◆ EXERCISE OBJECTIVE
In the data below, one line contains "Tudi stojnica ni" and a later one contains "Ответы к §14.". Print both, with every line between them, exactly and alone.

◆ RECORDS FOR THE TASK
§ §

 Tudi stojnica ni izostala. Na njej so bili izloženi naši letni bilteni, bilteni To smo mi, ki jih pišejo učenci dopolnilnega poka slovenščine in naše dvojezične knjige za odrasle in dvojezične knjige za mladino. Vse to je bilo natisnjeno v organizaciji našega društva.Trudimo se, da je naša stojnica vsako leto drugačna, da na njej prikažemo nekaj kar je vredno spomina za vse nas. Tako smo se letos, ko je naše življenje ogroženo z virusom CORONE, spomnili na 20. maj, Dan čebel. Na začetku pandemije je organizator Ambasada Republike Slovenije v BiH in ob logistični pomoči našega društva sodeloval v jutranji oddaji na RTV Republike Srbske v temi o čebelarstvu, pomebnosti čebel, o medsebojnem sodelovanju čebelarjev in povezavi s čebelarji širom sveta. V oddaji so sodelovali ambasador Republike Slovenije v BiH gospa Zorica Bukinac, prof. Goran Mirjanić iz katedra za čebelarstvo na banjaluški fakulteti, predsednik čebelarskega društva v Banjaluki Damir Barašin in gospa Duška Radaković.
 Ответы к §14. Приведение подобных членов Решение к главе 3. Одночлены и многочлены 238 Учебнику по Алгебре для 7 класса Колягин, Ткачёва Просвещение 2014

§ §

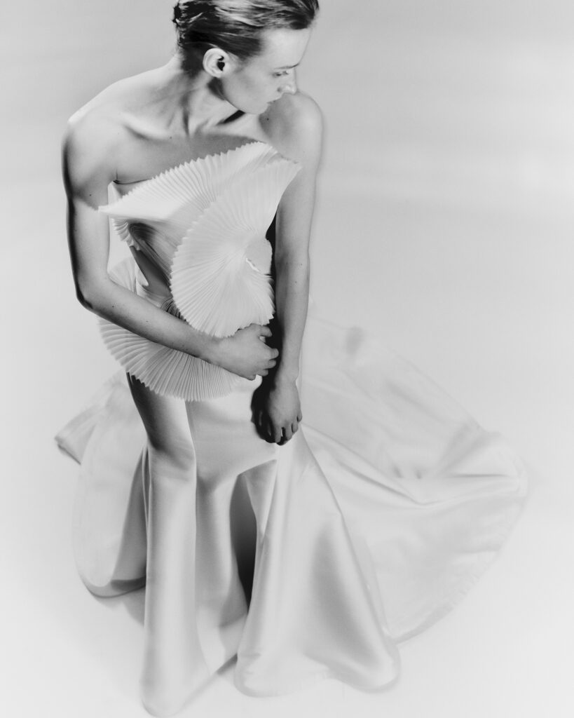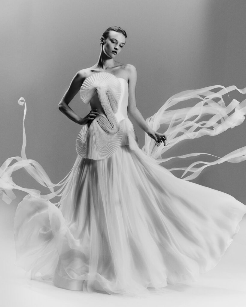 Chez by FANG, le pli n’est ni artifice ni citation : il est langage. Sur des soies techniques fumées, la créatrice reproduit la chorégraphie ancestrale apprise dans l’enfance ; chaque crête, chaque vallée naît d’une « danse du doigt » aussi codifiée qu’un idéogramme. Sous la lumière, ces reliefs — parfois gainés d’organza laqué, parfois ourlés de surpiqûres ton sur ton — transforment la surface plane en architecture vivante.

§ §

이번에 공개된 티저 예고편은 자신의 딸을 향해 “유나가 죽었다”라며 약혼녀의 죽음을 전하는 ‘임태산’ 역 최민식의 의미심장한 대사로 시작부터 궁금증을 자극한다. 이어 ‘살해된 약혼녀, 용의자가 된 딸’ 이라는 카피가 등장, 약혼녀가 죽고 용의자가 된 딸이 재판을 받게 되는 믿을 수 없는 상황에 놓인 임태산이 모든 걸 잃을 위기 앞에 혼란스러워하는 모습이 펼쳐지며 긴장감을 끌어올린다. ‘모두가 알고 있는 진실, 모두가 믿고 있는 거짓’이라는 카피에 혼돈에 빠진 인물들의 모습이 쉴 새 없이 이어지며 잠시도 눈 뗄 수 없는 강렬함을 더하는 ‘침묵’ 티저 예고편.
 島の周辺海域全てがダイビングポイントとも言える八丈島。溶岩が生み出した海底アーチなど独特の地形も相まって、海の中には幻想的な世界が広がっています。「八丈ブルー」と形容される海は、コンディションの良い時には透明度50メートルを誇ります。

§ §

◆ EXERCISE ANSWER
 Tudi stojnica ni izostala. Na njej so bili izloženi naši letni bilteni, bilteni To smo mi, ki jih pišejo učenci dopolnilnega poka slovenščine in naše dvojezične knjige za odrasle in dvojezične knjige za mladino. Vse to je bilo natisnjeno v organizaciji našega društva.Trudimo se, da je naša stojnica vsako leto drugačna, da na njej prikažemo nekaj kar je vredno spomina za vse nas. Tako smo se letos, ko je naše življenje ogroženo z virusom CORONE, spomnili na 20. maj, Dan čebel. Na začetku pandemije je organizator Ambasada Republike Slovenije v BiH in ob logistični pomoči našega društva sodeloval v jutranji oddaji na RTV Republike Srbske v temi o čebelarstvu, pomebnosti čebel, o medsebojnem sodelovanju čebelarjev in povezavi s čebelarji širom sveta. V oddaji so sodelovali ambasador Republike Slovenije v BiH gospa Zorica Bukinac, prof. Goran Mirjanić iz katedra za čebelarstvo na banjaluški fakulteti, predsednik čebelarskega društva v Banjaluki Damir Barašin in gospa Duška Radaković.
 Ответы к §14. Приведение подобных членов Решение к главе 3. Одночлены и многочлены 238 Учебнику по Алгебре для 7 класса Колягин, Ткачёва Просвещение 2014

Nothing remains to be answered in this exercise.